ACTIVITY:
Write out the data exactly from its first line onward, ending with the line in which "市场风格轮动,A股高位盘整,债市逐步走强" appears.

Records from a collection:
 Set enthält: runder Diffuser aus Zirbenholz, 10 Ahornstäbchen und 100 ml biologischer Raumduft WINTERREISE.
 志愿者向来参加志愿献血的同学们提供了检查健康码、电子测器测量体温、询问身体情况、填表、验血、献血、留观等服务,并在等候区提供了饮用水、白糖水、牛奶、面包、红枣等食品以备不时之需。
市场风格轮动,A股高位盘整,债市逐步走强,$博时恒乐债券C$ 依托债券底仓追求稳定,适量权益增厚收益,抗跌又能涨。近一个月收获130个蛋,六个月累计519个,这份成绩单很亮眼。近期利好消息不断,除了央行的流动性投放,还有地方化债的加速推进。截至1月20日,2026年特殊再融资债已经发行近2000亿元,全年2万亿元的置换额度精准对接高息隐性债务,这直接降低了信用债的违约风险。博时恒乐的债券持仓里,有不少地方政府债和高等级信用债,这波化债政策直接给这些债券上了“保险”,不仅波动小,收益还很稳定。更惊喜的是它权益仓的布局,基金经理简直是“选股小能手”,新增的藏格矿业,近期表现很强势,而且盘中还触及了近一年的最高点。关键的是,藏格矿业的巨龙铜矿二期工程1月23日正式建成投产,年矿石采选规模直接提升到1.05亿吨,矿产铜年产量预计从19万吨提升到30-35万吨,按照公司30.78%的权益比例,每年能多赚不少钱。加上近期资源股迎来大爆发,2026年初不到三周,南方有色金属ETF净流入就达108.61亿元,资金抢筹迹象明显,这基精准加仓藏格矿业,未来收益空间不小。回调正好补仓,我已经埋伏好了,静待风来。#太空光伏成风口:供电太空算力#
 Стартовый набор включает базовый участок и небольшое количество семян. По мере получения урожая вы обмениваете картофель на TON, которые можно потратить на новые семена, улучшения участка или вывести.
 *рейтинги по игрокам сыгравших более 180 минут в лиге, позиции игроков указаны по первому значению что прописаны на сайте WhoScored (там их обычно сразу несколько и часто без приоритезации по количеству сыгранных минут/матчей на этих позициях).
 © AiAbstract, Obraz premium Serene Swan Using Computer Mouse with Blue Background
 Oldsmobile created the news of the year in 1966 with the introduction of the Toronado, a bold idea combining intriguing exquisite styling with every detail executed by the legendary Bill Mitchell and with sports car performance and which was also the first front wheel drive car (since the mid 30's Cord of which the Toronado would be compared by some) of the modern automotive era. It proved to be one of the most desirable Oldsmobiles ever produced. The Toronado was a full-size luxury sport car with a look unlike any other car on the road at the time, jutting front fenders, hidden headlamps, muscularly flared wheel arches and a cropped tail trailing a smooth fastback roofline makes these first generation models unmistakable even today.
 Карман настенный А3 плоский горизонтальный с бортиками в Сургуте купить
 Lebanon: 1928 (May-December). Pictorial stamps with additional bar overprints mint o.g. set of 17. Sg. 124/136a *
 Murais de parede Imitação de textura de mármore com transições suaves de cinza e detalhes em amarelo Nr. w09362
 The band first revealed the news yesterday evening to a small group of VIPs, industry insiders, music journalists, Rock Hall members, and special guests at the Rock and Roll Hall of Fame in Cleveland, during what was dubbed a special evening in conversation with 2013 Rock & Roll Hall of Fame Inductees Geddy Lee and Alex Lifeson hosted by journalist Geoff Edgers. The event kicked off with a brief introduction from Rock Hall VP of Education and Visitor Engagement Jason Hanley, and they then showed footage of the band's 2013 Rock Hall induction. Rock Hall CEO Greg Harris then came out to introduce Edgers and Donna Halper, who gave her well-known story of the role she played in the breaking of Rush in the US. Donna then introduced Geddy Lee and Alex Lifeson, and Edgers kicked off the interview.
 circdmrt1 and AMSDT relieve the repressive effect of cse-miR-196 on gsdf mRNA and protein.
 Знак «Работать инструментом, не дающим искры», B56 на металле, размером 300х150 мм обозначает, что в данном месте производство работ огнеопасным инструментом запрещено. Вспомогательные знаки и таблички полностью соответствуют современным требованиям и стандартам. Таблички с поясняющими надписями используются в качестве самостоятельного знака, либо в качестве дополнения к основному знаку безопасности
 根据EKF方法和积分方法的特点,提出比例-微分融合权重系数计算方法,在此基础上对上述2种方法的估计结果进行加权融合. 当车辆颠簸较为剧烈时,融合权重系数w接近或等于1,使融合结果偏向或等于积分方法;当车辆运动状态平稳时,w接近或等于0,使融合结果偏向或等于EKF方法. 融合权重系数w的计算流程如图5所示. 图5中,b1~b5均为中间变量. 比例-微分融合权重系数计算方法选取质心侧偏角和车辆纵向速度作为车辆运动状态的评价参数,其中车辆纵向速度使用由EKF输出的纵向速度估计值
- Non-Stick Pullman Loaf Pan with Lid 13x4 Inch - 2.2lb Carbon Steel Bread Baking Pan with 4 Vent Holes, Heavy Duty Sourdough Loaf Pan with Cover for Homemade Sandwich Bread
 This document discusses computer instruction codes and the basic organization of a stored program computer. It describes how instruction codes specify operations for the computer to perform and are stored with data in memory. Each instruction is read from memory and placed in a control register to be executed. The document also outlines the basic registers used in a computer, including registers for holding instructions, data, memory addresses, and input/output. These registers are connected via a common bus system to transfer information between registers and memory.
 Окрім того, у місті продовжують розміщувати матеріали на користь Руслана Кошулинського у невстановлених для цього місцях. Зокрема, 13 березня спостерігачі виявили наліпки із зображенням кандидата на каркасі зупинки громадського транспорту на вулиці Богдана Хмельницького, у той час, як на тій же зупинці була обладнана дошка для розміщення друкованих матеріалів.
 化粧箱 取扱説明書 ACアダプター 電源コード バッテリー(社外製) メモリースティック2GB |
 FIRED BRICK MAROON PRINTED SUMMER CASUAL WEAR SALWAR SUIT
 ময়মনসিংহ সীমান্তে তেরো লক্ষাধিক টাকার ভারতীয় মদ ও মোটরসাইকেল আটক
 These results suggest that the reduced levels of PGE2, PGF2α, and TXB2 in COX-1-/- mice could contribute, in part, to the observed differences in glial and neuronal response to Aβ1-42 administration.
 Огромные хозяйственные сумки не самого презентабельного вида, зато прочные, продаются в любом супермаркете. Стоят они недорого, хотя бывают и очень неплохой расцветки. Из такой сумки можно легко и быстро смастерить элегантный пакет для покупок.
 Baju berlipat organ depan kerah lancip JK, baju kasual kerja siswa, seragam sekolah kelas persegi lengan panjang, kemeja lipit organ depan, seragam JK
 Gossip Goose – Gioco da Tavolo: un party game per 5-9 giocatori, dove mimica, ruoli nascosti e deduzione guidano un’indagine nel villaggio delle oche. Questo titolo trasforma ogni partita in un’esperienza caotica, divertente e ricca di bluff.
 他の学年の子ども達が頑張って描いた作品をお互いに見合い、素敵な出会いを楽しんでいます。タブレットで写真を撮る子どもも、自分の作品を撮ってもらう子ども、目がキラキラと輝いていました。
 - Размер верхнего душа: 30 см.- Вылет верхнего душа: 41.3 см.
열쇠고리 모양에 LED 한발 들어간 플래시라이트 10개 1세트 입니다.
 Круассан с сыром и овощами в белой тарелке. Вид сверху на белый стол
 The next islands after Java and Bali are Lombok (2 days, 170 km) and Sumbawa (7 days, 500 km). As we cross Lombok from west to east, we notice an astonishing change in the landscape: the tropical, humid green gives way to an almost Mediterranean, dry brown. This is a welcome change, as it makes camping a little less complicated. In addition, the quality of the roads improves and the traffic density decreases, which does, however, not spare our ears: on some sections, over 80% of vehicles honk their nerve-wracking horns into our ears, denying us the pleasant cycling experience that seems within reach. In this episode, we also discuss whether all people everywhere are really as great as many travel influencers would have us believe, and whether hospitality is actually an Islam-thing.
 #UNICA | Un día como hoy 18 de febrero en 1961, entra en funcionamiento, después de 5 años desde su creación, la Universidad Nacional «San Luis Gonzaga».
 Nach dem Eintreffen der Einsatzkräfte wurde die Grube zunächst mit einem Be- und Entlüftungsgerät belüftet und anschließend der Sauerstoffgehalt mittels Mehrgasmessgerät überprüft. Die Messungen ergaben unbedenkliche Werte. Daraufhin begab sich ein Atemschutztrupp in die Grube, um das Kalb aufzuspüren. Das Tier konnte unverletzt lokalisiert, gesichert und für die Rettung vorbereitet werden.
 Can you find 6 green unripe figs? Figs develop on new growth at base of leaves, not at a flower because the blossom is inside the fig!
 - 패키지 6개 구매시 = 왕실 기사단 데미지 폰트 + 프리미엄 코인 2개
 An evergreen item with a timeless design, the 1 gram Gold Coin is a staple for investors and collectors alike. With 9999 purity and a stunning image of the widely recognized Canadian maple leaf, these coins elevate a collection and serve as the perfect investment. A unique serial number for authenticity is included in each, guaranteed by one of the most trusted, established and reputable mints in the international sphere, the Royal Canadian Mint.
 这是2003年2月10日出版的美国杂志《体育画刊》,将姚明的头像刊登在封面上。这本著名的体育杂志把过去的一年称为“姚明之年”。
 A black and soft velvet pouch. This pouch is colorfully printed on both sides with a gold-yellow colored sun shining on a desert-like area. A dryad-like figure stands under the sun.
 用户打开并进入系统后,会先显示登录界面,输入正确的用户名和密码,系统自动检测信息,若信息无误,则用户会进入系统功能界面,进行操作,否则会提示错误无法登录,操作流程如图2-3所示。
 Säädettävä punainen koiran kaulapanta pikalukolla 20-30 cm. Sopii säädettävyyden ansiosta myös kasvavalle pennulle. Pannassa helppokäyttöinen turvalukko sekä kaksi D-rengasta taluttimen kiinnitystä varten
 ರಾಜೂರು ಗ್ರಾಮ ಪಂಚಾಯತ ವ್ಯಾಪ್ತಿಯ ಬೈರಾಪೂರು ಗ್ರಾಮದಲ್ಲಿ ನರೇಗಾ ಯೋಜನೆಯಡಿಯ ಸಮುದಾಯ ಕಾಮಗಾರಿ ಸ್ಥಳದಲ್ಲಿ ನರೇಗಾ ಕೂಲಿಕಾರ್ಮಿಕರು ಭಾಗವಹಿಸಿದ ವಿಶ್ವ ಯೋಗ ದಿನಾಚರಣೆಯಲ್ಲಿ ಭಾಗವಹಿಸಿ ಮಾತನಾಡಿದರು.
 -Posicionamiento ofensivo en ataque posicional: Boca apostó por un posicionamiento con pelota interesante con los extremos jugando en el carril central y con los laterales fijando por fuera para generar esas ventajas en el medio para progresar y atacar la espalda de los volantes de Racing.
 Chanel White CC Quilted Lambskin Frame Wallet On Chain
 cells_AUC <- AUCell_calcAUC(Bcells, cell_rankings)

EXPECTED OUTPUT:
 Set enthält: runder Diffuser aus Zirbenholz, 10 Ahornstäbchen und 100 ml biologischer Raumduft WINTERREISE.
 志愿者向来参加志愿献血的同学们提供了检查健康码、电子测器测量体温、询问身体情况、填表、验血、献血、留观等服务,并在等候区提供了饮用水、白糖水、牛奶、面包、红枣等食品以备不时之需。
市场风格轮动,A股高位盘整,债市逐步走强,$博时恒乐债券C$ 依托债券底仓追求稳定,适量权益增厚收益,抗跌又能涨。近一个月收获130个蛋,六个月累计519个,这份成绩单很亮眼。近期利好消息不断,除了央行的流动性投放,还有地方化债的加速推进。截至1月20日,2026年特殊再融资债已经发行近2000亿元,全年2万亿元的置换额度精准对接高息隐性债务,这直接降低了信用债的违约风险。博时恒乐的债券持仓里,有不少地方政府债和高等级信用债,这波化债政策直接给这些债券上了“保险”,不仅波动小,收益还很稳定。更惊喜的是它权益仓的布局,基金经理简直是“选股小能手”,新增的藏格矿业,近期表现很强势,而且盘中还触及了近一年的最高点。关键的是,藏格矿业的巨龙铜矿二期工程1月23日正式建成投产,年矿石采选规模直接提升到1.05亿吨,矿产铜年产量预计从19万吨提升到30-35万吨,按照公司30.78%的权益比例,每年能多赚不少钱。加上近期资源股迎来大爆发,2026年初不到三周,南方有色金属ETF净流入就达108.61亿元,资金抢筹迹象明显,这基精准加仓藏格矿业,未来收益空间不小。回调正好补仓,我已经埋伏好了,静待风来。#太空光伏成风口:供电太空算力#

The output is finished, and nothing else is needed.